Thomas Jessell (Photo credit: Knut Falch)

Thomas Jessell (1951-2019) received his PhD in neuropharmacology at Cambridge University, UK and went on to become a post-doctoral fellow in Gerald Fischbach’s laboratory at Harvard Medical School in the U.S., and then in 1981 an Assistant Professor in the Department of Neurology, also at Harvard. In 1985, he moved to Columbia University in New York.

Throughout his career, Jessell has focused on the early wiring of the vertebrate central nervous system. His research has identified the strategies and molecules involved in assembling neural circuits, and has laid the groundwork for new ways of reconstructing these circuits when they have been damaged through trauma or neurodegenerative disease. His profound influence in his field is demonstrated by his steady production of research papers referenced by a large number of his peers. During the 1990s, he produced around two dozen papers that went on to be cited over 100 times during the following decade, and at least six that were cited over 300 times.
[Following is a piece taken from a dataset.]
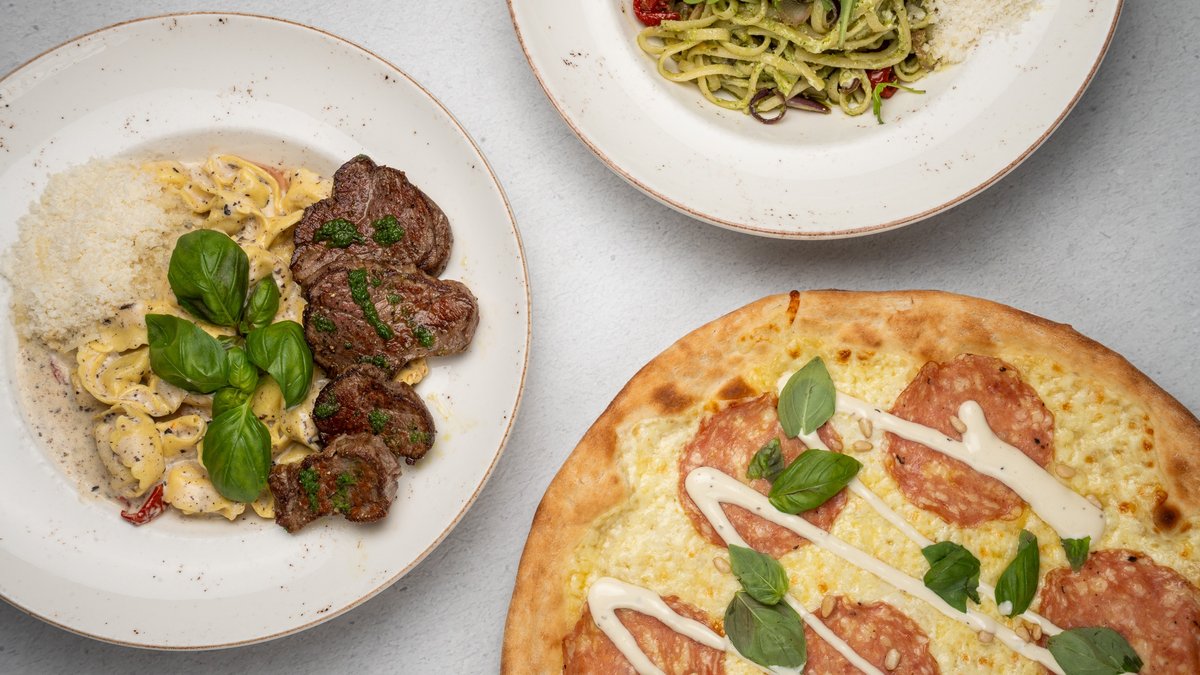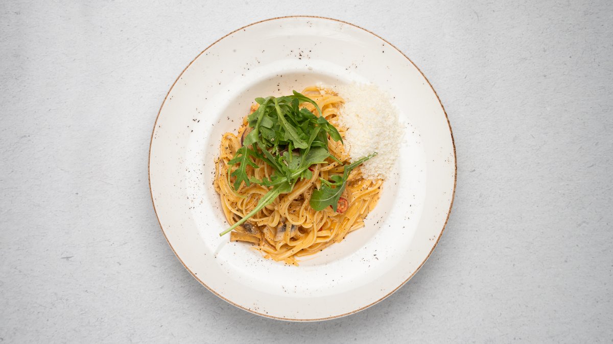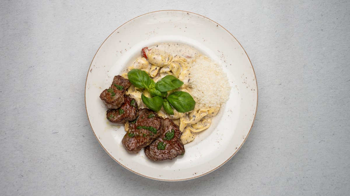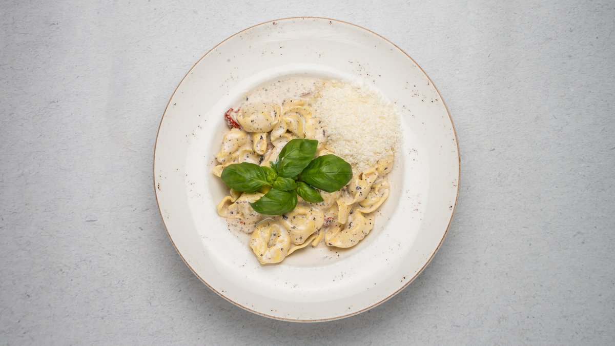 Tortelloni med ricotta-och spenat fyllning, semitorkade tomater och basilika i tryffelsås

In 1992, he was a senior member of the international team that set out to find the mammalian equivalents of the hedgehog gene known to play an important role in pattern formation in the developing fruit fly. The result was the discovery of three new mammalian genes - known as sonic, Indian, and desert hedgehog - and the realization that the proteins they coded accounted for a significant proportion of all developmental interactions known to occur in the vertebrate embryo.

Along with colleagues, he founded Ontogeny Inc., a biotechnology company based in Cambridge, Massachusetts that aims to use developmental biology approaches to create new treatments for diseases such as diabetes and Parkinson’s. Jessell is a fellow of the UK’s Royal Society, a foreign associate of the U.S. National Academy of Sciences, a member of the Institute of Medicine, and a fellow of the American Academy of Arts and Sciences.